The End of Rational Actors
The bedrock of Cold War global security was the doctrine of Mutual Assured Destruction (MAD), a framework predicated on the assumption that all nuclear-armed state actors act rationally. However, recent evidence concerning Hamas’s strategic planning suggests this assumption is increasingly obsolete in an era of asymmetric warfare and messianic ideology. A handwritten document by Hamas leader Yahya Sinwar, recovered by Israeli intelligence and dated August 24, 2022, reveals that leadership was not only aware of a potential Israeli nuclear response to an invasion but viewed such devastation as an acceptable, even strategic, cost.
Sinwar’s notes indicate he anticipated an overwhelming Israeli military reaction, including the theoretical use of nuclear weapons, yet proceeded with the October 7 planning anyway. His logic was rooted in the belief that triggering a catastrophic regional conflagration—involving Hezbollah, Iran, and other proxies—would ultimately lead to Israel’s destruction, regardless of the existential cost to Gaza. This mindset fundamentally diverges from the Cold War model, where the survival of the state was the primary driver of policy.

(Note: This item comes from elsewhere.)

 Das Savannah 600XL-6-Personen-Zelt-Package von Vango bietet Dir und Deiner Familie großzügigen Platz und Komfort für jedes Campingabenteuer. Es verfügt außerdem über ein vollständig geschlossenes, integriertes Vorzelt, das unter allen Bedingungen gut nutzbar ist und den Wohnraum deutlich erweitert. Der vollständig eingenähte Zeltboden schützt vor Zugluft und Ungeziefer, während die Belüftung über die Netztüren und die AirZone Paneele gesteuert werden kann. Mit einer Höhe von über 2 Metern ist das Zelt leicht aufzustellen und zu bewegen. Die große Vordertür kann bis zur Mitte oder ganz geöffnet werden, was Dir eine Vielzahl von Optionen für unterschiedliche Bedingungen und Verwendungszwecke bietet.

The Global Context: Diminishing Returns of Nuclear Might
The failure of deterrence is not limited to non-state actors. As noted by geopolitical analysts, major powers like the United States and Russia are grappling with the limits of their nuclear arsenals. Despite the U.S. investing nearly $1 trillion in nuclear modernization, the utility of these weapons in current conflicts remains largely theoretical. In Ukraine and across the Middle East, major powers have demonstrated the ability to inflict massive conventional damage, yet they consistently fail to achieve their broader strategic goals.

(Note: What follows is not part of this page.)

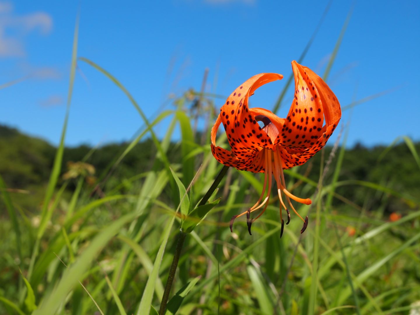 車山乗越から蝶々深山へは草原の中の一本道を進んでいく。所々に高原植物の花々が咲いている。涼しいと思ってたけど、影が全然ないので日差しの強さがちょっと堪えるな。

The convergence of fanatical, non-state actors who embrace self-destruction and the inability of nuclear powers to translate their arsenals into regional political success suggests a profound shift in global security. If actors like Hamas—and potentially state-sponsored regimes—view their own destruction as a prerequisite for their ideological goals, the traditional levers of international pressure lose their efficacy.

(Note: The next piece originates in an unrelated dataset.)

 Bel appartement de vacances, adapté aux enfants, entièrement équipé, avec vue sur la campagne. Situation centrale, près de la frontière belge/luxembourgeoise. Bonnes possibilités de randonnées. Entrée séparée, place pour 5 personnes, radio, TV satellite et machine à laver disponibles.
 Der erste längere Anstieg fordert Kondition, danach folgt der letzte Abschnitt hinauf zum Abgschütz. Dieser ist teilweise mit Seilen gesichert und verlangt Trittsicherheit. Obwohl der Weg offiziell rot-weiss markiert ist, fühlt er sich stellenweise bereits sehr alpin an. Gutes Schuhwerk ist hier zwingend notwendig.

As Israel and the international community process the implications of the Sinwar document, the focus is shifting toward a reality where deterrence is no longer a universal language. The reliance on economic incentives or rational political outcomes as a means of pacifying extremist movements has proven to be a strategic miscalculation, leaving the world to navigate a more volatile and unpredictable security landscape.